Hmm... you are definitely right. How could I miss this point.

It might be because of I messed up the page state by some tests which
may do hole punch then reread the same index. That could drop the
poisoned page then collapse succeed. But I'm not sure. Anyway I didn't
figure out how the poisoned page could be collapsed. It seems
impossible. I will drop this patch.

>
> > result = SCAN_DEL_PAGE_LRU;
> > goto out_unlock;
> > --
> > 2.26.2
> >
> >
>
> --
> Kirill A. Shutemov

2021-09-15 23:01:40

by Yang Shi

[permalink] [raw]

Subject: Re: [PATCH 2/4] mm: khugepaged: check if file page is on LRU after locking page

On Wed, Sep 15, 2021 at 10:48 AM Yang Shi <[email protected]> wrote:
>
> On Wed, Sep 15, 2021 at 4:49 AM Kirill A. Shutemov <[email protected]> wrote:
> >
> > On Tue, Sep 14, 2021 at 11:37:16AM -0700, Yang Shi wrote:
> > > The khugepaged does check if the page is on LRU or not but it doesn't
> > > hold page lock. And it doesn't check this again after holding page
> > > lock. So it may race with some others, e.g. reclaimer, migration, etc.
> > > All of them isolates page from LRU then lock the page then do something.
> > >
> > > But it could pass the refcount check done by khugepaged to proceed
> > > collapse. Typically such race is not fatal. But if the page has been
> > > isolated from LRU before khugepaged it likely means the page may be not
> > > suitable for collapse for now.
> > >
> > > The other more fatal case is the following patch will keep the poisoned
> > > page in page cache for shmem, so khugepaged may collapse a poisoned page
> > > since the refcount check could pass. 3 refcounts come from:
> > > - hwpoison
> > > - page cache
> > > - khugepaged
> > >
> > > Since it is not on LRU so no refcount is incremented from LRU isolation.
> > >
> > > This is definitely not expected.
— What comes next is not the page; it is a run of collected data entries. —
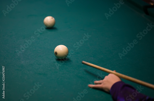 Playing billiard. Billiards balls and cue on green billiards table. Russian pyramid.
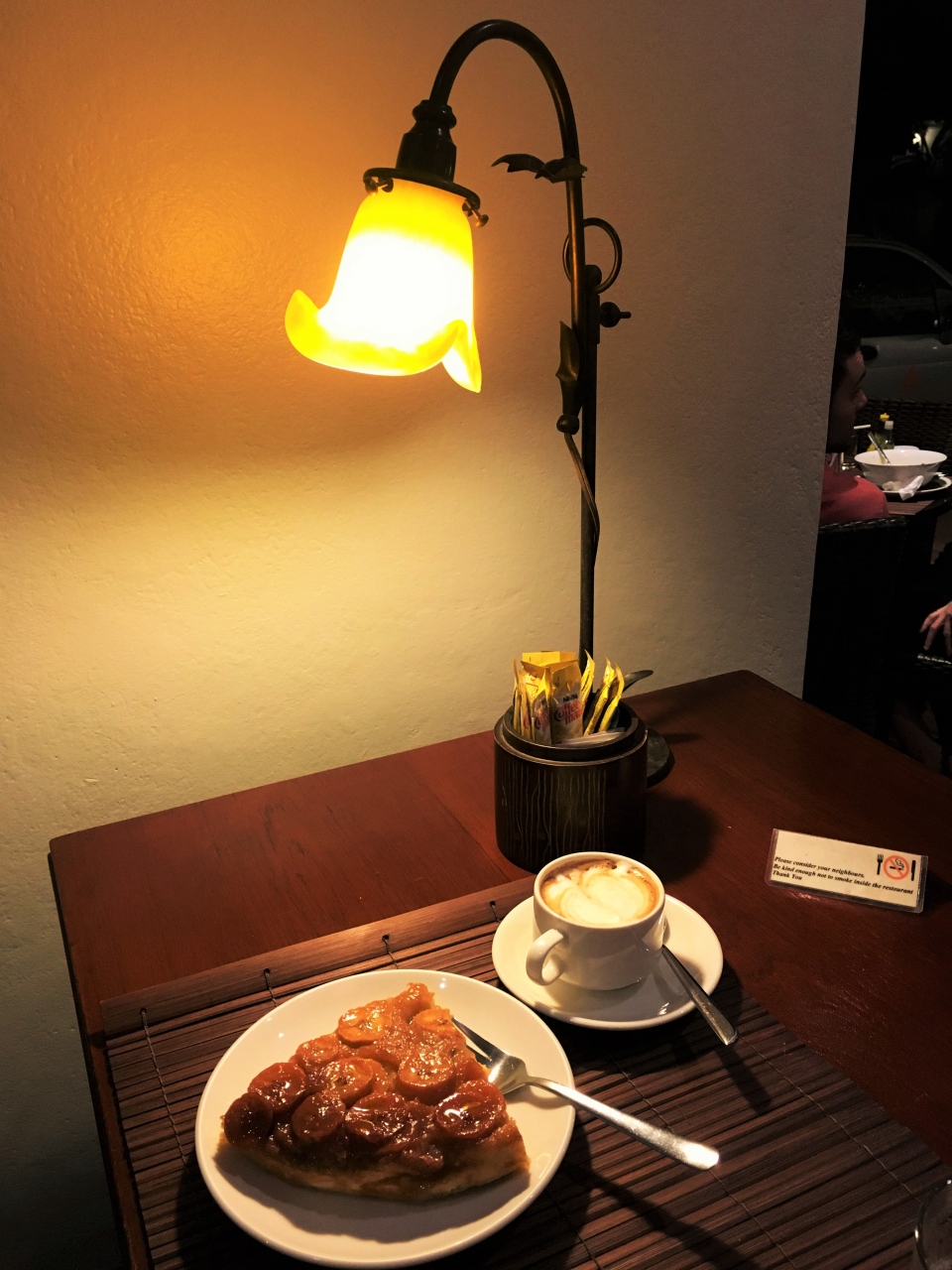 夜にカフェで利用したときは、サービスが丁寧で洗練されていて好印象。値段は日本並みで食べ物は日本よりも割高。ただし飲物は20000kip前後、スイーツ類は30000kip前後とカフェ利用は食べ物に比べお手頃プライス★お味も量もまずまずでしたが、フランス本国のケーキと同じように甘さはややドロ甘系。
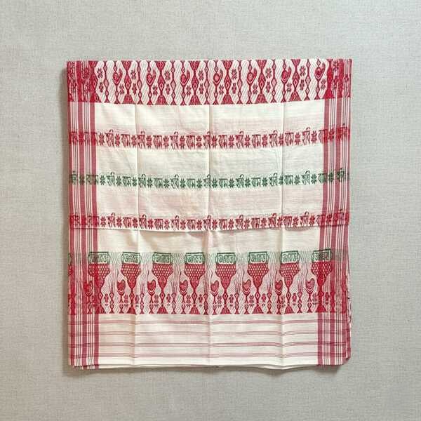 The Gamosa, a traditional handwoven cotton cloth from Assam, is a white rectangular piece with red or maroon borders and may feature decorative motifs, serving as a symbol of hospitality, friendship, and respect, and used in various cultural and religious ceremonies. Location : Assam, India
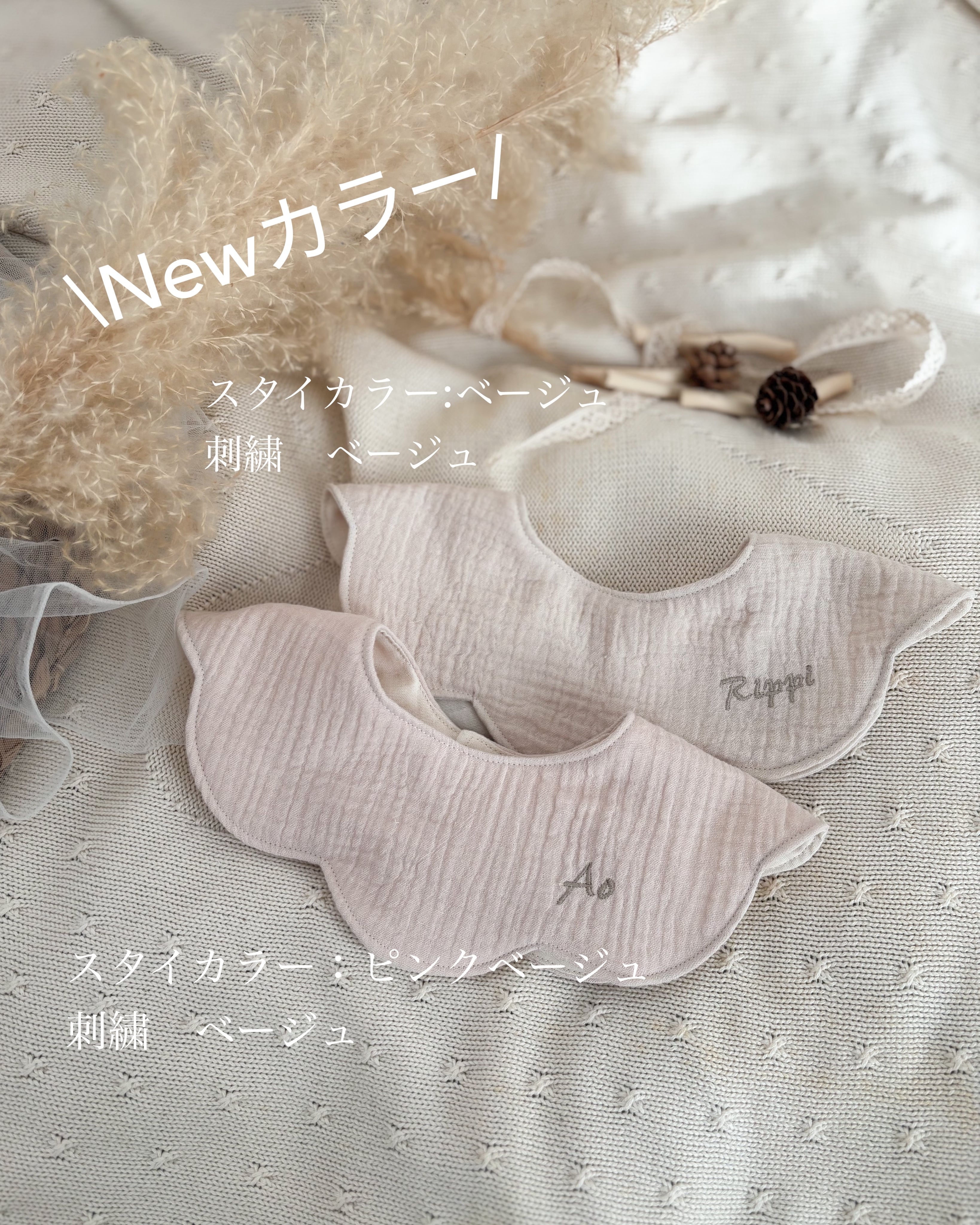 【全5色】ポコポコ花びらスタイ ヘアバンドセット 名入れ刺繍 出産祝い くすみカラー
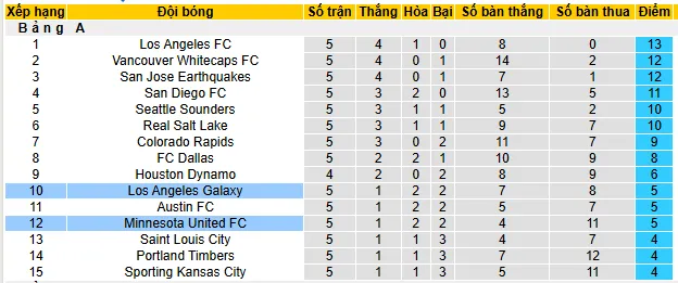 Thống kê phong độ, lịch sử đối đầu của Los Angeles Galaxy vs Minnesota United
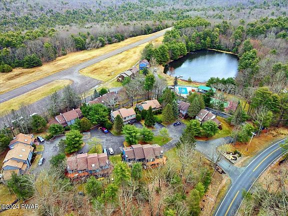 DESTINATION LAKE WALLENPAUPACK~ Attn PRIVATE PILOTS Mountain View Villas offers walk to your plane from your door of this two story Townhouse with massive double sun decking entertaining, open floor plan, large breakfast bar, vaulted skylight ceiling, fireplace and plenty of sunshine windows. Private amenities include pool, tennis, Pavilion and pond enjoyment. So Much to Offer, charming, comfortable low maintenance and peaceful living.
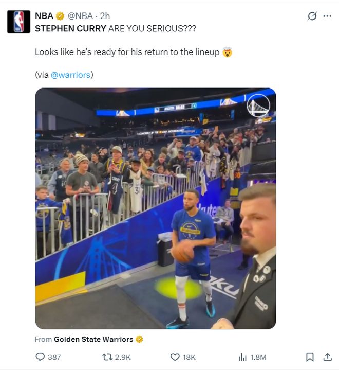 斯蒂芬-库里因伤缺席五场比赛后复出,而且没有登场时间限制。但德雷蒙德-格林轮休。
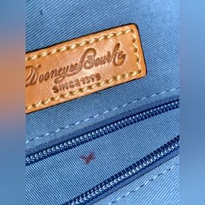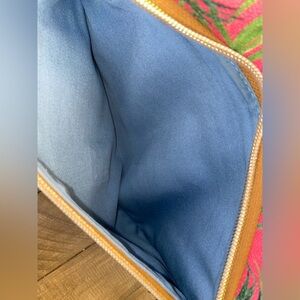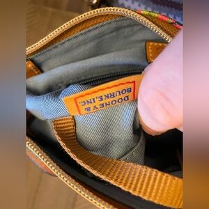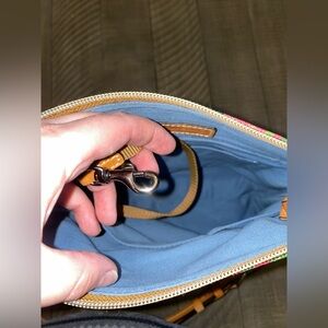 Has an adjustable strap and an attached key clip on the inside. Has a small mark on the inside (see photo) other than that it is in great condition, the inside is very clean.
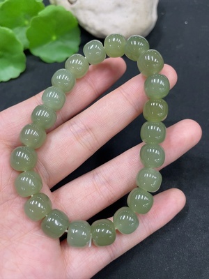 H35100634 Hetian Jade Bracelet Approx. 9.2mm Beads Total Weight About 26g
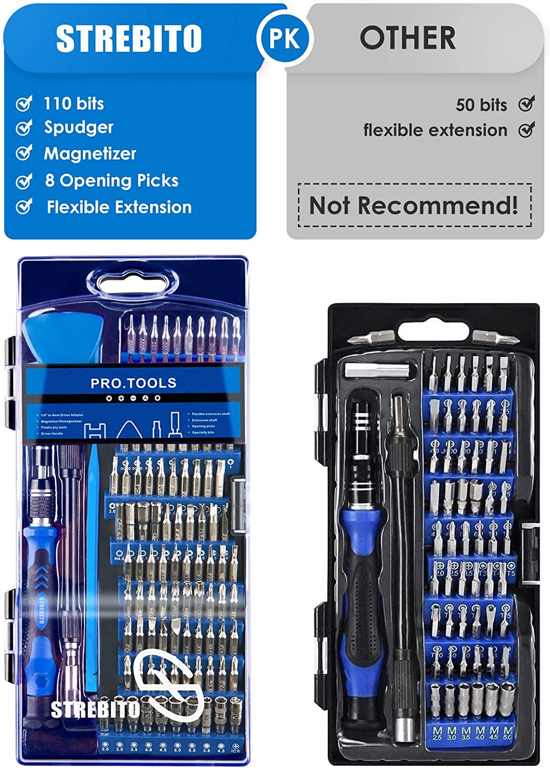 - 【Variety & Versatility】This screwdriver set has 110 different bits(Phillips, Flat Head, Torx, Torx Security, Pentalobe, Hex, Gamebit, etc), which is useful for laptop, PC building, cell phone, tablet, MacBook, iPhone, iPad, game consoles/controller, Ring doorbell, sewing machine, HVAC, knife and more. This is the toolkit every DIYer, fixer, hobbyist, and professional needs to tackle any job, also a decent gift for your families, friends, colleagues, etc
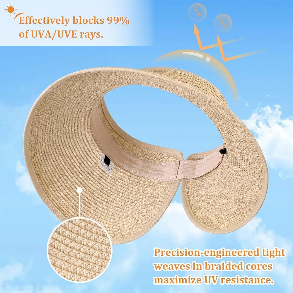 Superior Sun Protection – Made from high-quality, this women's sun visor straw hat provides excellent UV protection for your face and neck. The stylish neutral colors complement any outfit.

Checking if it is on LRU or not after
> > > holding page lock could help serialize against hwpoison handler.
> > >
> > > But there is still a small race window between setting hwpoison flag and
> > > bump refcount in hwpoison handler. It could be closed by checking
> > > hwpoison flag in khugepaged, however this race seems unlikely to happen
> > > in real life workload. So just check LRU flag for now to avoid
> > > over-engineering.
> > >
> > > Signed-off-by: Yang Shi <[email protected]>
> > > ---
> > > mm/khugepaged.c | 6 ++++++
> > > 1 file changed, 6 insertions(+)
> > >
> > > diff --git a/mm/khugepaged.c b/mm/khugepaged.c
> > > index 045cc579f724..bdc161dc27dc 100644
> > > --- a/mm/khugepaged.c
> > > +++ b/mm/khugepaged.c
> > > @@ -1808,6 +1808,12 @@ static void collapse_file(struct mm_struct *mm,
> > > goto out_unlock;
> > > }
> > >
> > > + /* The hwpoisoned page is off LRU but in page cache */
> > > + if (!PageLRU(page)) {
> > > + result = SCAN_PAGE_LRU;
> > > + goto out_unlock;
> > > + }
> > > +
> > > if (isolate_lru_page(page)) {
> >
> > isolate_lru_page() should catch the case, no? TestClearPageLRU would fail
> > and we get here.
>
> Hmm... you are definitely right. How could I miss this point.
>
> It might be because of I messed up the page state by some tests which
> may do hole punch then reread the same index. That could drop the
> poisoned page then collapse succeed. But I'm not sure. Anyway I didn't
> figure out how the poisoned page could be collapsed. It seems
> impossible. I will drop this patch.

I think I figured out the problem. This problem happened after the
page cache split patch and if the hwpoisoned page is not head page. It
is because THP split will unfreeze the refcount of tail pages to 2
(restore refcount from page cache) then dec refcount to 1. The
refcount pin from hwpoison is gone and it is still on LRU. Then
khugepged locked the page before hwpoison, the refcount is expected to
khugepaged.

The worse thing is it seems this problem is applicable to anonymous
page too. Once the anonymous THP is split by hwpoison the pin from
hwpoison is gone too the refcount is 1 (comes from PTE map). Then
khugepaged could collapse it to huge page again. It may incur data
corruption.

And the poisoned page may be freed back to buddy since the lost refcount pin.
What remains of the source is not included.